Miller, “Learning to Laugh at the State,”
“We have been
living beyond our means. We have been paying ourselves more than our efforts
were earning. We sought political leaders who would assure us that the good
times would never end and that the centuries of boom and bust were over; and we
voted for those who offered that assurance. We sought credit for which we had
no security and we gave our business to the banks that advertised it. We wanted
higher exam grades for our children and were rewarded with politicians prepared
to supply them by lowering exam standards. We wanted free and better health
care and demanded chancellors who paid for it without putting up our taxes. We
wanted salacious stories in our newspapers and bought the papers that broke the
rules to provide them. And now we whimper and snarl at MPs, bankers and
journalists. Fair enough, my friends, but, you know, we really are all in this
together.”
—Matthew Parris
“Suppose
I’m a fund manager worried that if I underperform the market over a
twelve-month period I’ll be out of a job. What value would I attach to a boring
business with dependable and robust cash flows, and therefore represents an
excellent place to allocate preserve and grow my client’s capital over time but
which, nevertheless, is unlikely to ‘perform over the next twelve months?
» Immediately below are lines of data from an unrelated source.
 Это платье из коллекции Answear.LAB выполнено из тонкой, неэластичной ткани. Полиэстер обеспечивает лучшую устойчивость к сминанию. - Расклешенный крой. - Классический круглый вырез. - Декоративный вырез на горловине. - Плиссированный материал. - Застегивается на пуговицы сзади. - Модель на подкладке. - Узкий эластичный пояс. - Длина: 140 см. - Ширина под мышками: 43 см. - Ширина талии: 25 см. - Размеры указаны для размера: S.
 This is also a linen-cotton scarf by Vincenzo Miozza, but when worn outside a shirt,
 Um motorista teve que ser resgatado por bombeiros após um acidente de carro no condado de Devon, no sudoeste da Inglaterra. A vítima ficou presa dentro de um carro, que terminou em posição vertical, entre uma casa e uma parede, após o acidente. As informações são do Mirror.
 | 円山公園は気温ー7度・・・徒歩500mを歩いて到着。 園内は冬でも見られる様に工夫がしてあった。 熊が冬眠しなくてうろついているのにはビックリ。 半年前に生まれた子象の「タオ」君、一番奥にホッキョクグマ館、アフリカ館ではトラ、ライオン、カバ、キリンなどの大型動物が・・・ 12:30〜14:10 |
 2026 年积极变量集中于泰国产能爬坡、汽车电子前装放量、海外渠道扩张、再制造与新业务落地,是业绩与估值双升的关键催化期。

The
likelihood is that I will value such cash flows less than an investor who
considers himself the custodian of his family’s wealth, who attaches great
importance to the protection of existing wealth for future generations, values
permanence highly, and is largely uninterested in the next twelve months. In
other words, an institutional fund manager might apply a ‘higher discount rate’
to those same expected cash flows than the investor of family wealth. They
arrive at different answers to the same problem. The same cash flows are being
valued subjectively and there is no such thing as an objective or ‘intrinsic
value’ embedded in the asset, even though it has cash flows.”
—Dylan Grice in
SocGen’s Popular Delusions, 17 July 2012.
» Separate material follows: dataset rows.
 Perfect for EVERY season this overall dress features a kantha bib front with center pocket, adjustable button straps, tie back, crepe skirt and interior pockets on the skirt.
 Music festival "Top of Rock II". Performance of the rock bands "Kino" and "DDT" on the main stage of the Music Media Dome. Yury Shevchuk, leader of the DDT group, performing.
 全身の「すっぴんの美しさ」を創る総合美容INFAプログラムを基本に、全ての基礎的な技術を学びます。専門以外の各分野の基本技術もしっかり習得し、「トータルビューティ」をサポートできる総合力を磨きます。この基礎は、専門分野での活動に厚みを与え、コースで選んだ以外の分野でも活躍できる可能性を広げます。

They’ve found yet another shipwreck off the coast of Ireland. The SS Gairsoppa went down in 1941 by a German torpedo. It was laden with 1.4 million ounces of silver. The insured value at the time was 325.000 pounds and it was paid up properly. Assuming they can get to the wreck and bring the loot up, it has a current market value of around 38 million dollars. One can’t help but wonder what the current value would be if the ship had been carrying banknotes instead.
“If you’d invested
a pound in the FTSE in 2005 (when [Bob] Diamond joined the [Barclays] board)
and hung on to your dividends you’d now have £1.08, notes a story in
today’s Times. If you’d invested it in HSBC you’d have 78 pence. If you’d
invested it in Barclays you’d have 29 pence. Which is rubbish, really. In the
same time period, Diamond has been paid £119 million.”
—Merryn Somerset
Webb, “The hounding of Bob Diamond: it isn’t disgraceful, it’s essential,”
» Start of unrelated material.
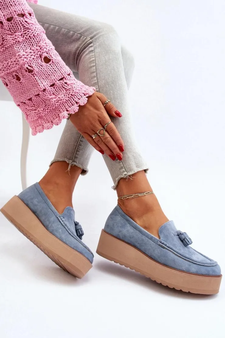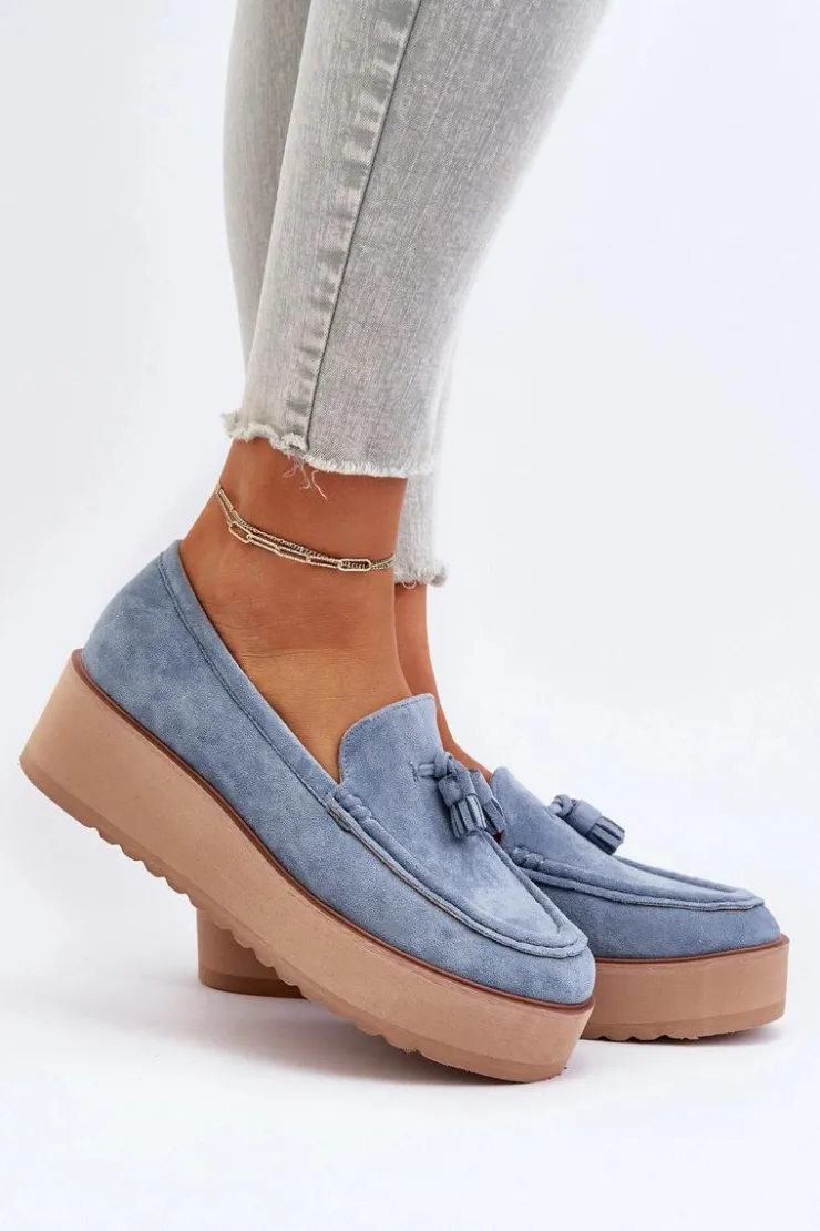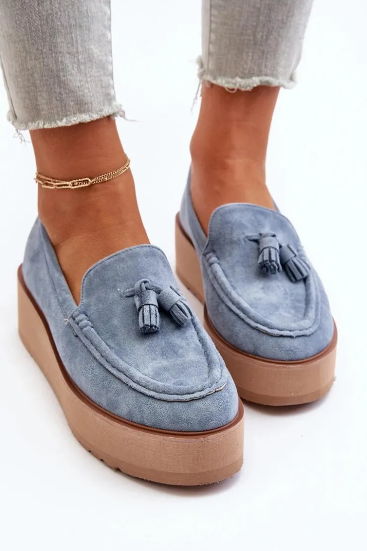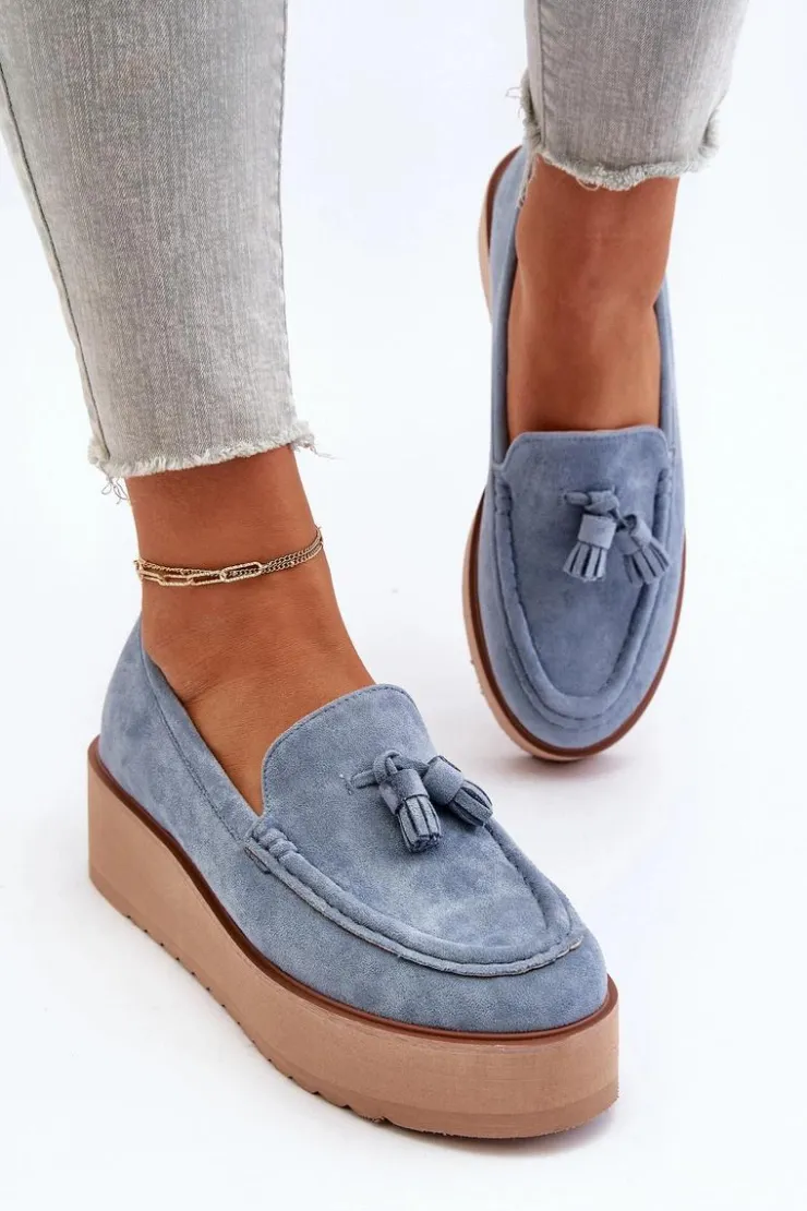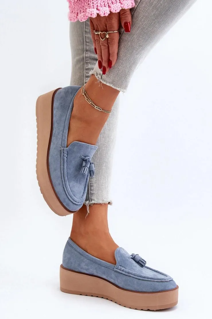Klasyczne mokasyny damskie osadzone na platformie. Ozdobne frędzle na przodzie nadają im unikalnego stylu. Noski zaokrąglone, lekko usztywniony zapiętek. Idealne zarówno do casualowych, jak i bardziej wyrafinowanych stylizacji, te mokasyny będą doskonałym dodatkiem do Twojej garderoby! Przy wyborze rozmiaru prosimy sugerować się tabelą rozmiarów.

posted 4 July 2012 in her MoneyWeek blog.
“All government,
in its essence, is a conspiracy against the superior man: it’s one permanent
object is to oppress him and cripple him. If it be aristocratic in
organization, then it seeks to protect the man who is superior only in law
against the man who is superior in fact; if it be democratic, then it seeks to
protect the man who is inferior in every way against both. One of its primary
functions is to regiment men by force, to make them as much alike as possible
and as dependent upon one another as possible, to search out and combat
originality among them. All it can see in an original idea is potential change,
and hence an invasion of its prerogatives. The most dangerous man to any
government is the man who is able to think things out for himself, without
regard to the prevailing superstitions and taboos. Almost inevitably he comes
to the conclusion that the government he lives under is dishonest, insane and
intolerable, and so, if he is romantic, he tries to change it. And even if he
is not romantic personally he is very apt to spread discontent among those who
are.”
—H.L. Mencken
“They’re there
because people have to have them, not because people believe in them.”
—David Jacob, who
was fired from Standard & Poors in December, in an interview at Bloomberg
about the ratings industry
“I wholeheartedly
agree on the issue of dishonesty in the financial markets. I am muzzled by our
compliance officer and prevented from being as frank as I would like. Your
reference to the delusional hope that keeps investors in the game reminds me of
Nietzsche’s observation that “hope is the worst of all evils, for it prolongs
the torment of man.” Confidence is unraveling before our eyes, but goes unseen
by most. The final stages of disillusionment will be swift.”
—From recent correspondence with a fund
manager whom we admire
“Democracy is a
pathetic belief in the collective wisdom of individual ignorance.”
—H.L. Mencken
“Confidence is the
feeling a person has before he fully understands the situation.”